Message in a Bottle is an intriguing episode, although not necessarily for the most obvious of reasons.
Message in a Bottle is notable for its stunt casting, featuring controversial comedian Andy Dick as the Emergency Medical Hologram, Mark II. Given his background and his interests, Andy Dick is a very strange choice for a Star Trek guest role. Then again, it takes all sorts; Star Trek: Deep Space Nine cast Iggy Pop in The Magnificent Ferengi and Star Trek: Voyager finds room for the Rock in Tsunkatse. However, the last time the franchise attempted to cast a famous comedian, Star Trek: The Next Generation ended up with The Outrageous Okona.
Understand, Andy Dick tends to be the focal point for discussion around Message in a Bottle. However, the episode is notable for other reasons. In a weird way, Message in a Bottle kicks off a very loose serialised arc that plays through the next handful of episodes. It introduces the communications grid that plays a major role in Hunters, and features the first glimpse of the Hirogen.
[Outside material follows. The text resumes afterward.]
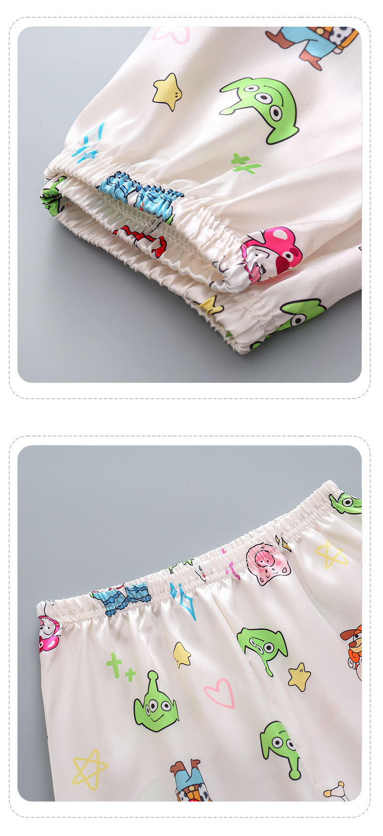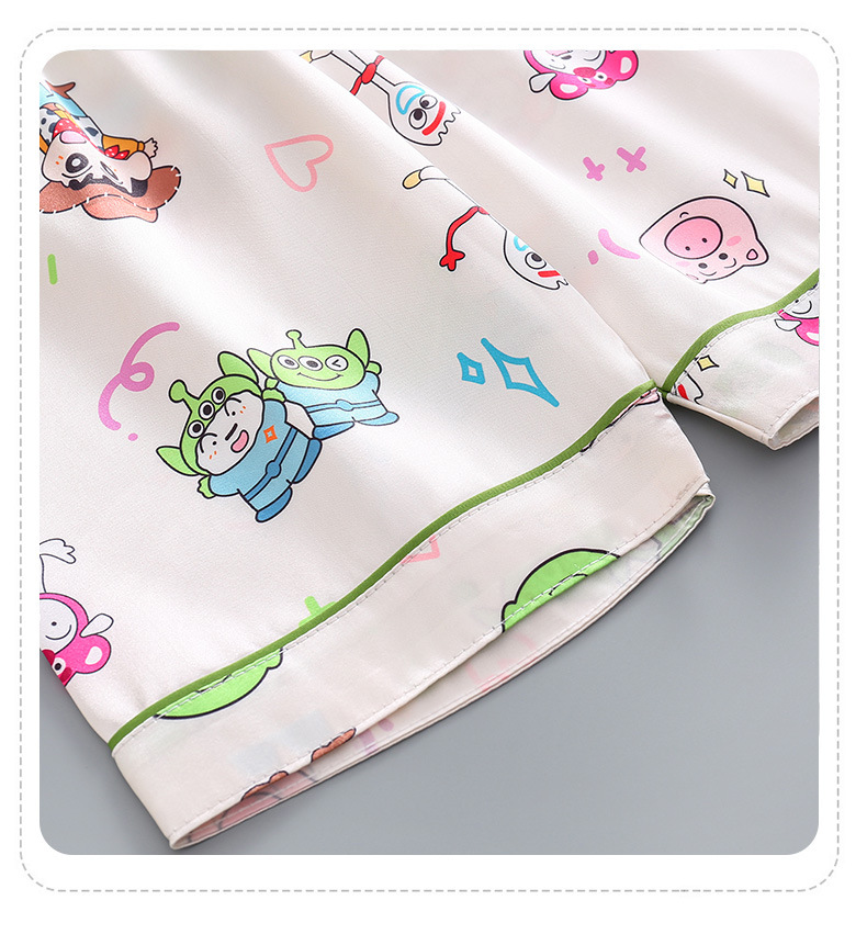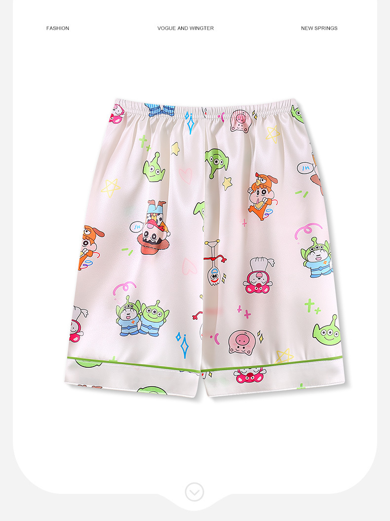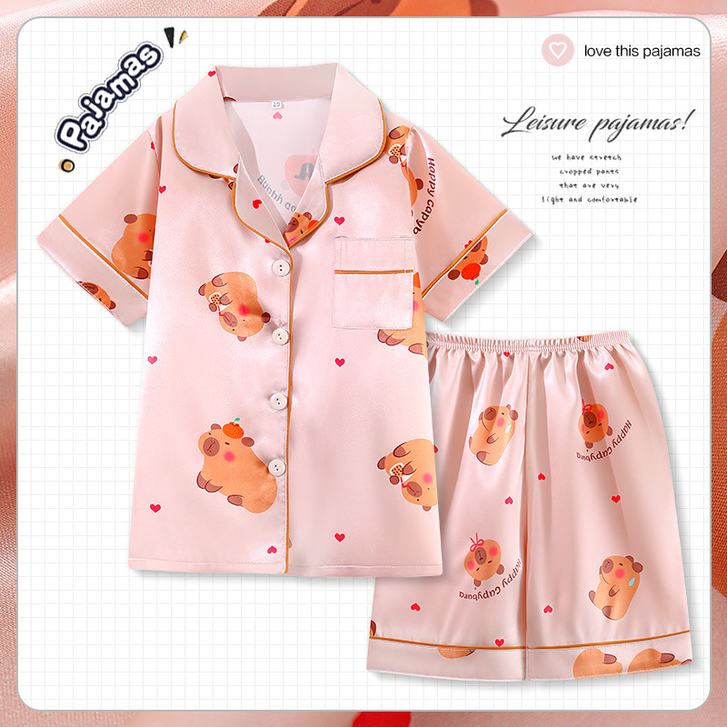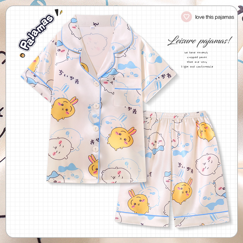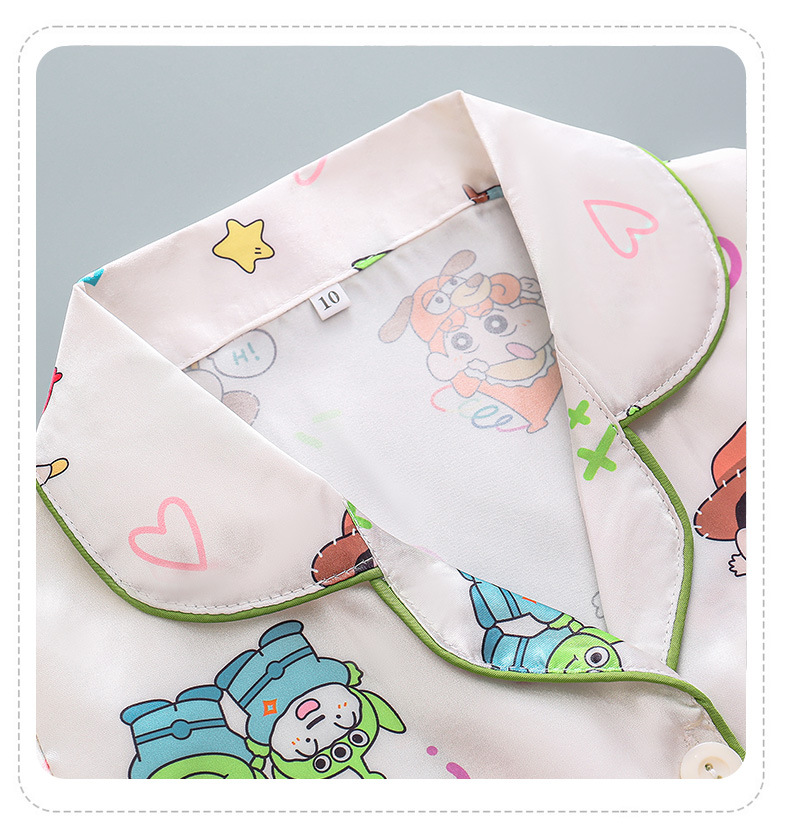 여름 어린이 아이스 실크 파자마 얇은 반팔 반바지 카디건 옷깃 귀여운 만화 소년과 소녀 한국 스타일 세트

The Hirogen go on to play a major role in episodes like Prey, The Killing Game, Part I and The Killing Game, Part II.
Message in a Bottle also comes at the half-way point in Voyager‘s run, speaking in terms of structure rather than episode count. Message in a Bottle is positioned mid-way through the middle season of Voyager‘s seven year run. Although the count is skewed somewhat by the series’ abridged first season, it feels like the last point at which Voyager is closer to its beginning than to its end. As such, there is something strangely appropriate in the fact that Message in a Bottle allows Voyager to reconnect with Starfleet and the Alpha Quadrant.
This is perhaps the point where the end of the journey “seems a little closer.”